The libertarian moment has passed. It will not come again, and its defeat as a force in US politics will change the definitions of right, left and centre - not just in the US but also, the world.
The writer is senior fellow at the New America Foundation and author of The American Way of Strategy.
I dunno. Maybe Lind is right; on the other hand, by the time FDR had completed his task of prolonging a sharp recession into a decade-long major depression, the largely-libertarian Old Right -- led mostly by Taft, who represented a minority even among the minority Republicans -- seemed pretty much dead.
Then with the defeat of Goldwater, the libertarian wing of the Right was once again declared dead, to be replaced by Nixon/National Review Cold War conservatism. I remember Nixon's "we are all Keynsians now," and his establishment of the EPA and floating exchange rates. Yet a decade later Reagan managed to make some actual progress reducing the size of the Federal Government -- at least in terms of raw volume of regulations.
Then the managerial-bureaucratic mild conservatism of Bush I was followed by Clinton, to the huzzahs of the Left, who pronounced conservatism dead yet again, only to have Clinton "triangulate" and reestablish a Bush I bureaucratic hegemony.
Then Bush II ran -- as Republicans tend to run -- on a largely libertarian platform, similar oddly enough to FDR's 1932 Democratic platform, which called for reduced taxes and smaller government. W changed course -- partly voluntarily and partly forced by circumstances and politics -- so Lind's description of the current state is not inaccurate, unfortunately.
But it rather strikes me that there is a long history of declaring this or that political faction dead in the US, only to have it reappear. The Left was declared dead in '94, but the putative corpse still seems to twitch violently now and then.
So perhaps Lind is right -- but, as we say out here in Vegas, don't bet the farm on it...
Posted by: Craig Goodrich | Aug 29, 2006 at 08:59 AM
Hi, Im from Melbourne Australia.
These 2 related essays provide a comprehensive critique of so called libertarianism----and its devastating consequences.
1. www.dabase.net/freedom.htm
2. www.coteda.com (especially the Fundamentals section via the sidebar)

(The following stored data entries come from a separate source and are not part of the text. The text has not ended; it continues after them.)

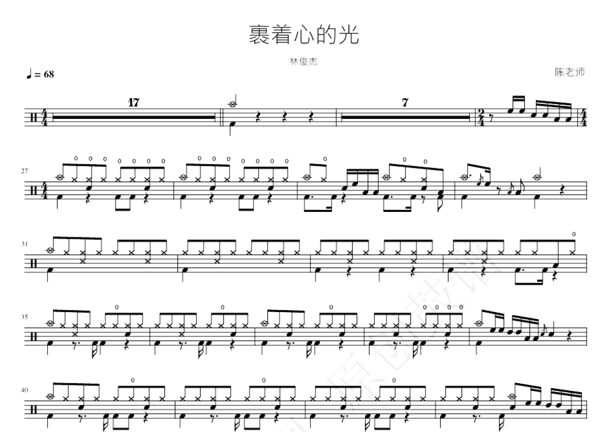 林俊杰《裹着心的光》鼓谱 - 架子鼓谱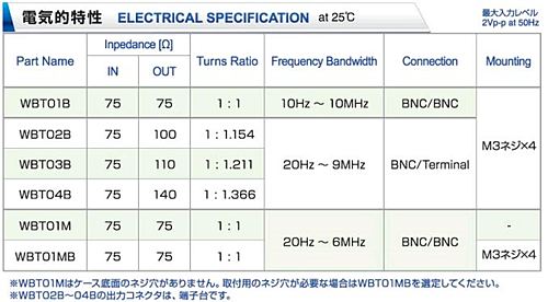 ビデオトランス  WBTシリーズ 映像信号のみ対応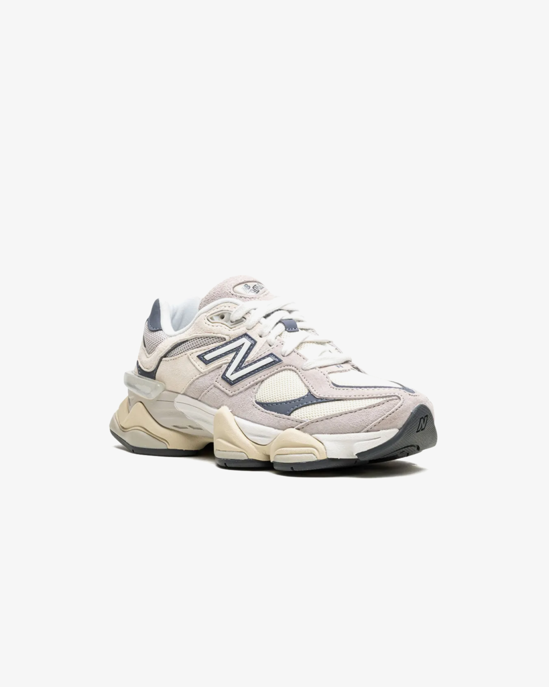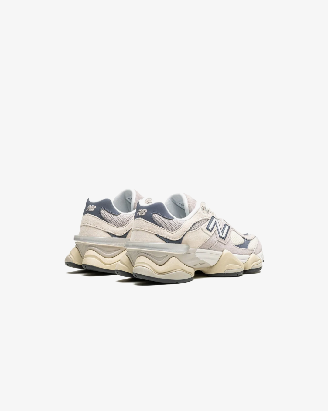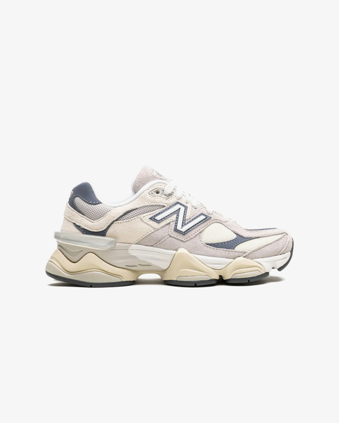 The New Balance 9060 “Moonrock Linen” merges retro aesthetics with modern innovation, drawing inspiration from the brand's classic 99X series and the Y2K era's futuristic designs. Released on November 30, 2023, this sneaker features a neutral-toned upper comprising beige mesh underlays and two-tone pigskin suede overlays. Muted navy pigments highlight the synthetic panels on the forefoot and rear, providing subtle contrast. The signature oversized “N” logo adorns the sides, while a jewel NB logo embellishes the tongue. Underfoot, the chunky midsole incorporates ABZORB and SBS cushioning technologies, ensuring responsive comfort. A translucent CR device wraps around the heel, and a segmented diamond outsole delivers traction and durability.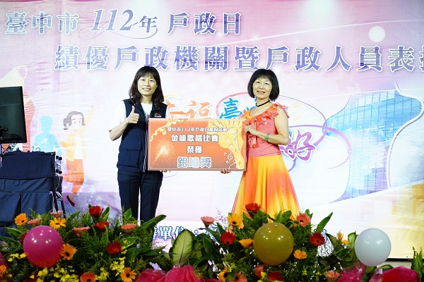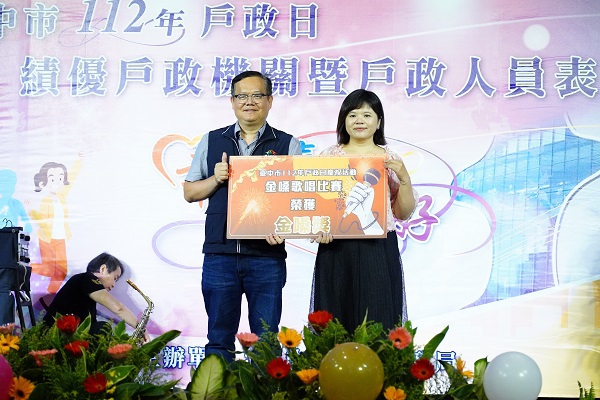 民政局副局長周瑺玫則頒發台中市111年度9所績優戶政業務評鑑特優機關及28位績優戶政人員。另為舒緩同仁平日工作壓力,慶祝活動並規劃戶政金嗓獎歌唱比賽,除展示戶政人員個人才華和風采外,並藉此增進同仁情感,凝聚團隊向心力。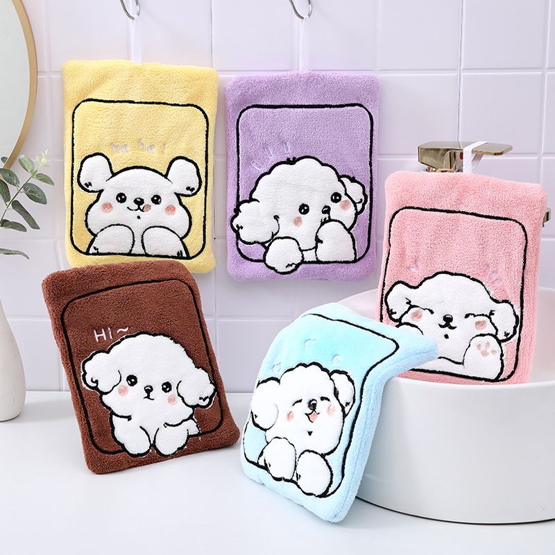 Asciugamano da appendere alla cucina per bambini, in pile di corallo spesso, assorbente e ad asciugatura rapida, modello Lillian Square Puppy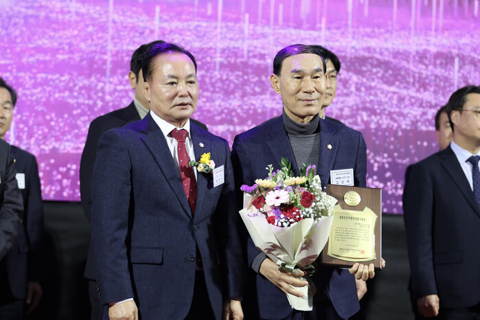 | ▲ 고선재 의장(오른쪽)이 대한민국 시군자치구의회의장협의회 정기총회에서 ‘대한민국지방의정봉사대상’을 수상했다. (사진=서초구의회 제공) |

Posted by: John | Aug 30, 2006 at 04:35 AM
Craig, I think you have FDR mixed up with someone else. FDR's policy led to a 1% unemployment rate right before the war, leading to much greater happiness than at the beginning of his administration. Keynsianism was, in part, responsible for the immense prosperity we built until 1973.
Anyone who has gone to a public school, used a public road, or taken medicine or used the internet is the beneficiary of government largesse.
Look, I'm a libertarian in my private life. But when it comes to macro economics, "in the long run we are all dead" I'm not very patient with it.